Problem details.
Would you transcribe exactly the lines from the beginning of the records below through the line with "J ai 60 ans", both included, omitting the pictures?

Data to examine.

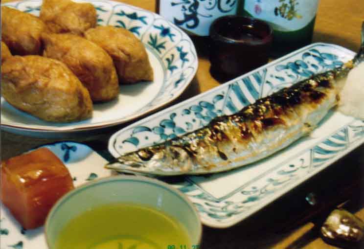 お品書き 秋刀魚 稲荷寿司 酒 柿羊羹 渋茶 |
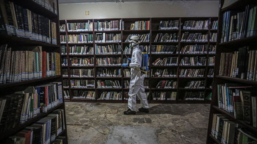 Beyaz Baretliler (Sivil Savunma), Beşşar Esed rejimi ve destekçilerinin saldırılarında sağlık sektörü neredeyse "iflas eden" İdlib ilinin merkezinde yeni tip koronavirüse (Kovid-19) karşı dezenfeksiyon ve halkı bilinçlendirme amaçlı çalışmalarını sürdürüyor.
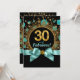 Convite de aniversário de trinta anos de mulher em azul turquesa e dourado com pontos de brilho e explosão de estrelas. Este lindo convite de aniversário em azul turquesa e dourado é facilmente personalizado para o seu evento, basta adicionar os seus detalhes no estilo de letra, cor e texto de sua escolha. Este é um design impresso sem jóias reais, brilho, laços, etc.
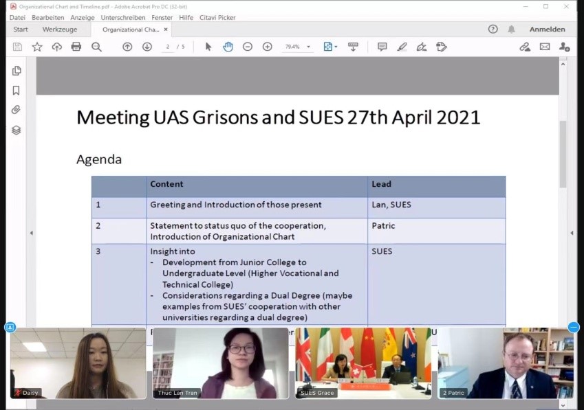4月27日下午,我校与瑞士格劳宾登应用科学大学就中瑞合作办学项目提升办学层次等议题进行视频会议。高职学院院长、中瑞合作办学项目主任沈勤,国际合作与交流处副处长肖谦,管理系主任袁建昌、副主任黄欣懿、项目翻译王阳参会;格劳宾登应用科学大学国际事务合作处长Andreas Deuber、旅游学院教务长 Patric Arn 、项目主管Thuc Lan Tran参会。
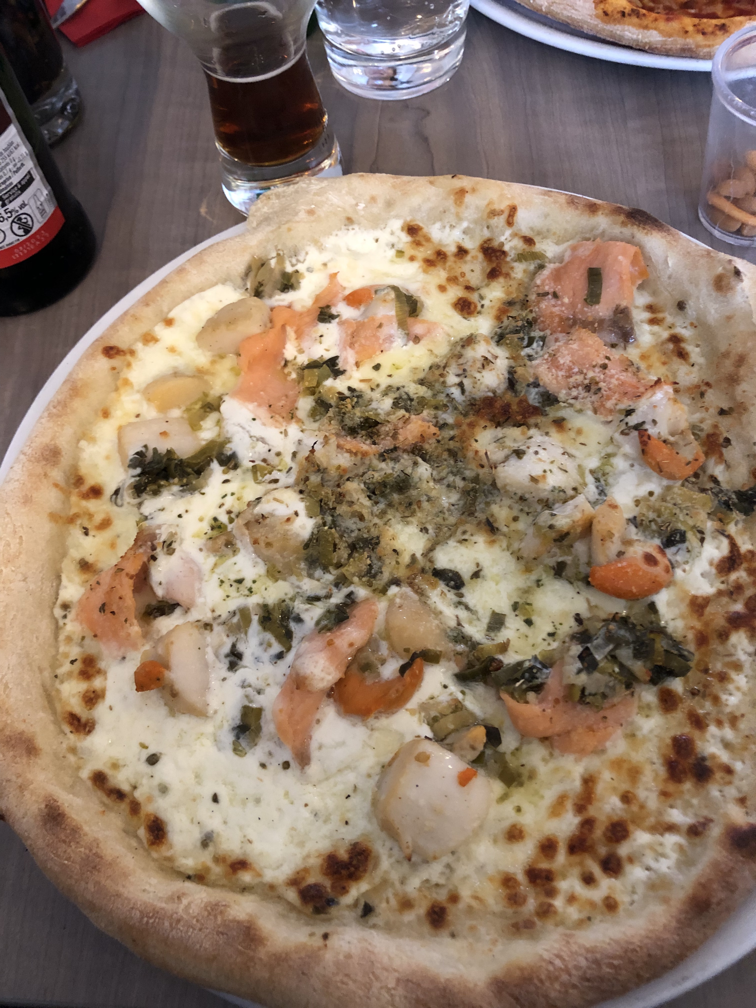 J ai 60 ans et j aime prendre une pizza saumon lorsque je viens manger dans une pizzeria. Mais là j ai mangé la meilleure pizza au saumon avec petite crevettes et sauce épicée avec huile d olive. L extase. MMermercéprofessionnelle et l
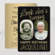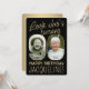 Olha quem está fazendo 90! Convide a família e os amigos para uma elegante comemoração de 90 com convites de festas personalizados de 2 fotos. Imagens e textos neste modelo são simples de personalizar. (DICA DE IMAGEM: Uma maneira fácil de posicionar uma foto exatamente como você deseja é recortá-la antes de carregá-la no site do Zazzle. Se você precisar de ajuda adicional, por favor, me envie a mensagem :) O design preto e dourado apresenta duas fotos de sua escolha, a caligrafia moderna e a tipografia do deco da arte da na moda. Observe que o ouro é impresso a cor, não a folha metálica. A design única e neutra em termos de gênero também é adequada para um homem ou para uma mulher. Feliz aniversário de 90!
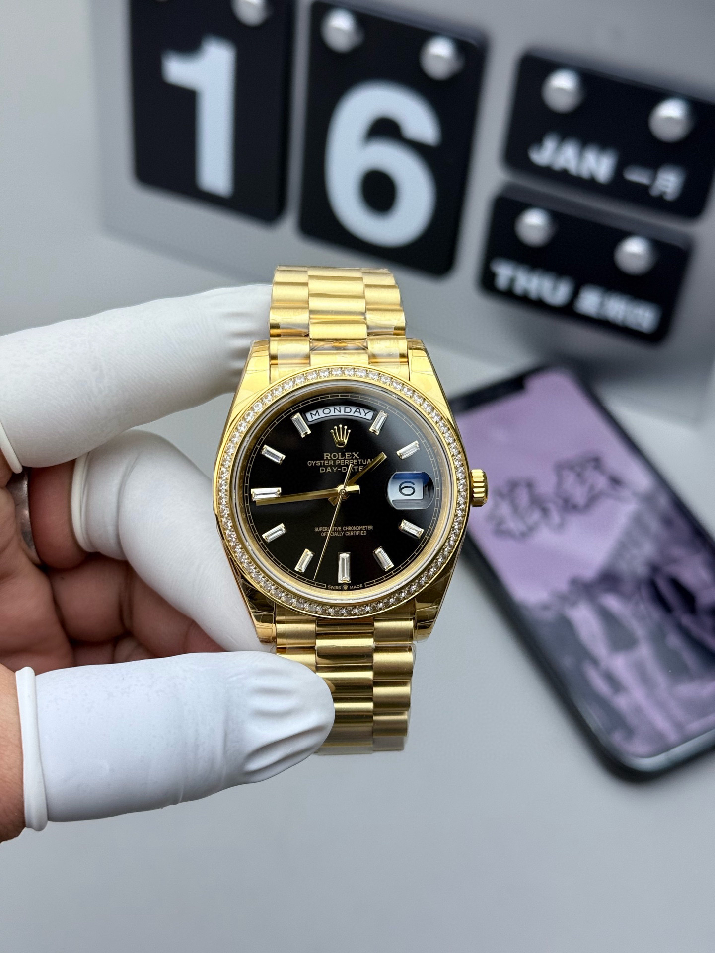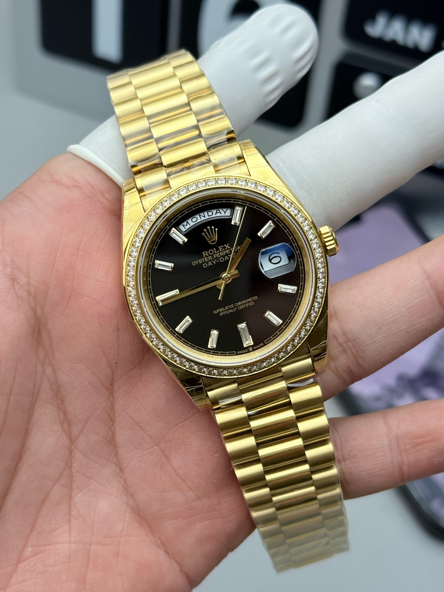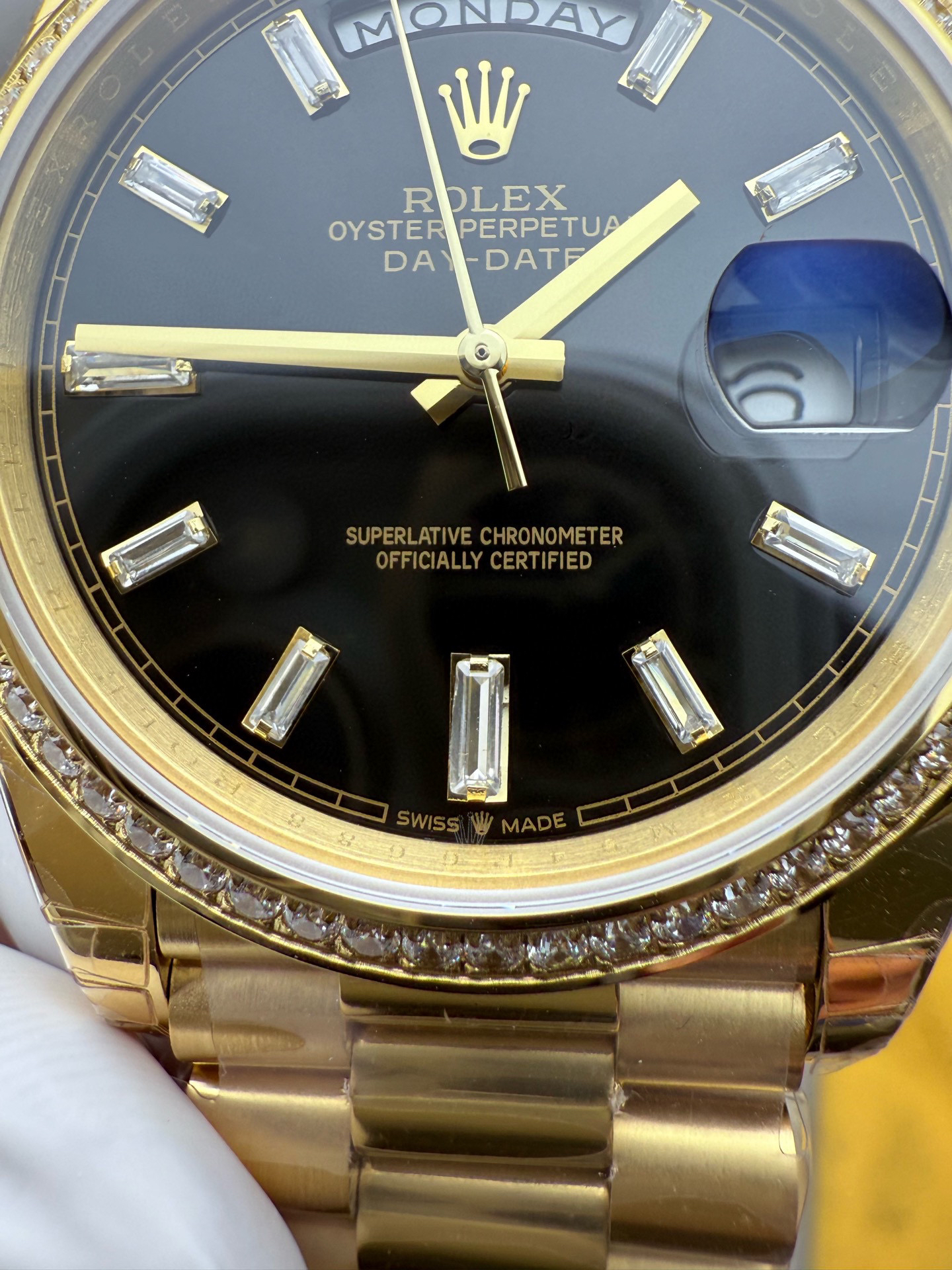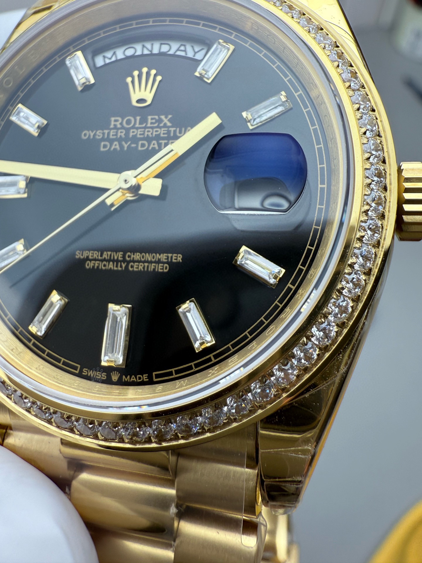 (黑冰糖圈口手工镶嵌钻石)NOOB Factory新力作V2升级版 劳力士Rolex星期日志型40mm 搭载原版3255自动机械机芯228239系列腕表,40毫米直径,研发耗时16个月!原版1比1开模
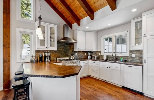 Relax at “The Treehouse”, a recently and beautifully remodeled Tahoe Vista retreat, and enjoy the Tahoe pines, mountain air, and filtered lake views. Inside you'll find a high-end kitchen, bathrooms, appliances and furnishings, without forgetting you're in the mountains. Relax in the hot tub after a day of Tahoe adventures and gaze up at the stars. The house is minutes from Lake Tahoe and Northstar California Resort.
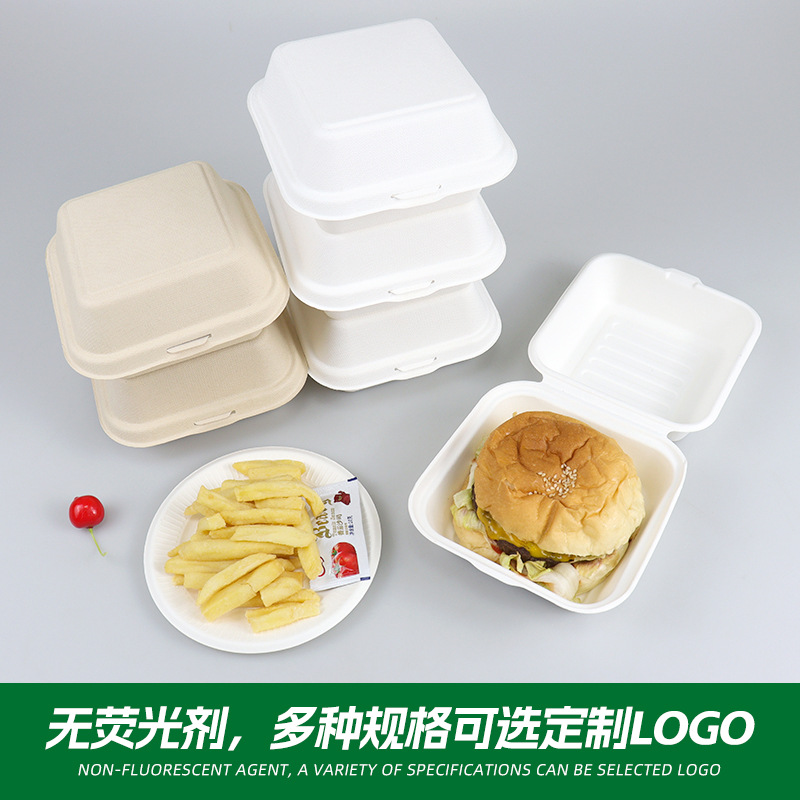 一次性可降解汉堡盒纸浆蛋糕提拉米苏便当餐盒外卖6寸汉堡打包盒
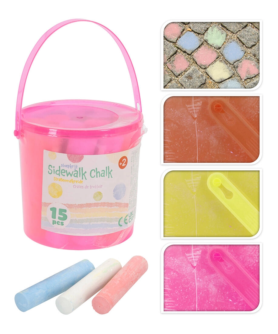 Barevné chodníkové křídy v praktickém plastovém kbelíku rozvíjejí dětskou kreativitu a promění každý chodník v malířské plátno. Sada obsahuje 15 kusů pestrých kříd, které se dobře drží, snadno kreslí a jdou jednoduše smýt vodou. Ideální pro venkovní zábavu, školky, hřiště i domácí dvorek.
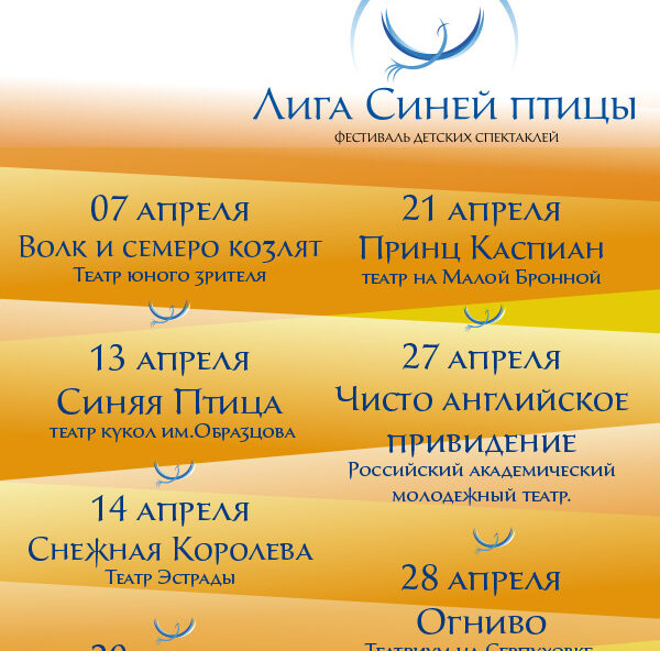 Афиша фестиваля спектаклей для детей «Лига Синей птицы» Апрель 2013
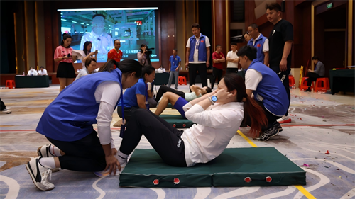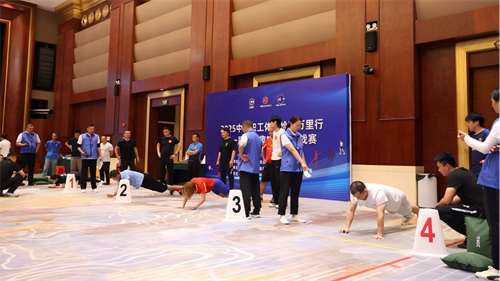 賽事設置兼具科學性與趣味性,分為個人賽與團體賽兩個組別。個人賽中,男子組進行了波比跳和俯臥撐的較量,女子組則圍繞波比跳和仰臥起坐展開角逐,以規定時間內完成次數決出勝負。團體賽則更考驗團隊的協作與策略,由3名隊員依次完成“深蹲推舉啞鈴接力折返”、“手肘交替平板支撐接力”、“三人協力夾球跑”和“團隊齊心搬運沙包接力”四個項目,最終按總用時排名。比賽現場氣氛熱烈、競爭激烈,活動還通過線上直播的方式,讓更多人感受到了職工們的運動熱情。
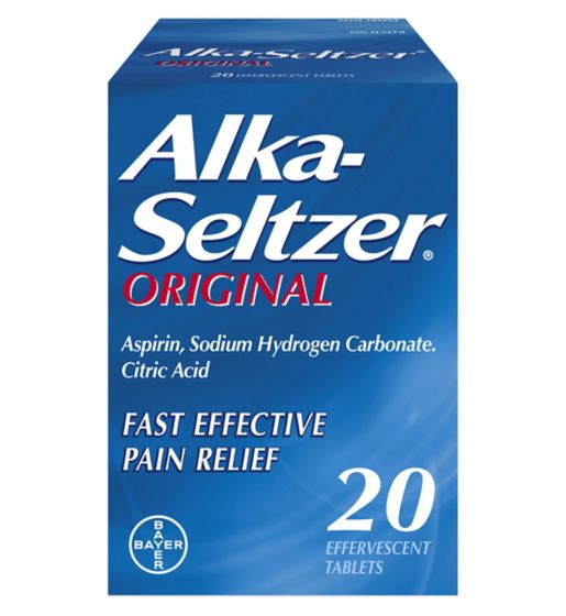 Alka-Seltzer Original tablets for fast and effective relief of mild to moderate pain including headache, migraine, neuralgia, toothache, sore throat, period pains, aches and pains.
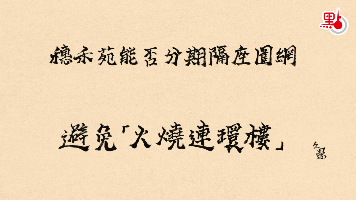 第四,宏福苑大火發生翌日,已經有一名女士致電電台,稱曾擔任業主立案法團職務,自家屋苑大維修時,選擇分期進行,有效避免了「火燒連環樓」。到了該月30日,時任工程界立法會議員盧偉國亦公開強調,未來不應該一次過將多幢大廈圍起進行維修,而應分期逐幢進行,減低火災風險。這近乎常識的建議,為何至今未被採納?為何仍未有具體立法措施,規管大維修工程須分期進行?特別是穗禾苑此類距離近的大廈,應該實施「隔座圍網」,一座圍了網,相連那一座就不圍,避免火乘風勢蔓延。

Task response.
 お品書き 秋刀魚 稲荷寿司 酒 柿羊羹 渋茶 |
 Beyaz Baretliler (Sivil Savunma), Beşşar Esed rejimi ve destekçilerinin saldırılarında sağlık sektörü neredeyse "iflas eden" İdlib ilinin merkezinde yeni tip koronavirüse (Kovid-19) karşı dezenfeksiyon ve halkı bilinçlendirme amaçlı çalışmalarını sürdürüyor.
 Convite de aniversário de trinta anos de mulher em azul turquesa e dourado com pontos de brilho e explosão de estrelas. Este lindo convite de aniversário em azul turquesa e dourado é facilmente personalizado para o seu evento, basta adicionar os seus detalhes no estilo de letra, cor e texto de sua escolha. Este é um design impresso sem jóias reais, brilho, laços, etc.
4月27日下午,我校与瑞士格劳宾登应用科学大学就中瑞合作办学项目提升办学层次等议题进行视频会议。高职学院院长、中瑞合作办学项目主任沈勤,国际合作与交流处副处长肖谦,管理系主任袁建昌、副主任黄欣懿、项目翻译王阳参会;格劳宾登应用科学大学国际事务合作处长Andreas Deuber、旅游学院教务长 Patric Arn 、项目主管Thuc Lan Tran参会。
 J ai 60 ans et j aime prendre une pizza saumon lorsque je viens manger dans une pizzeria. Mais là j ai mangé la meilleure pizza au saumon avec petite crevettes et sauce épicée avec huile d olive. L extase. MMermercéprofessionnelle et l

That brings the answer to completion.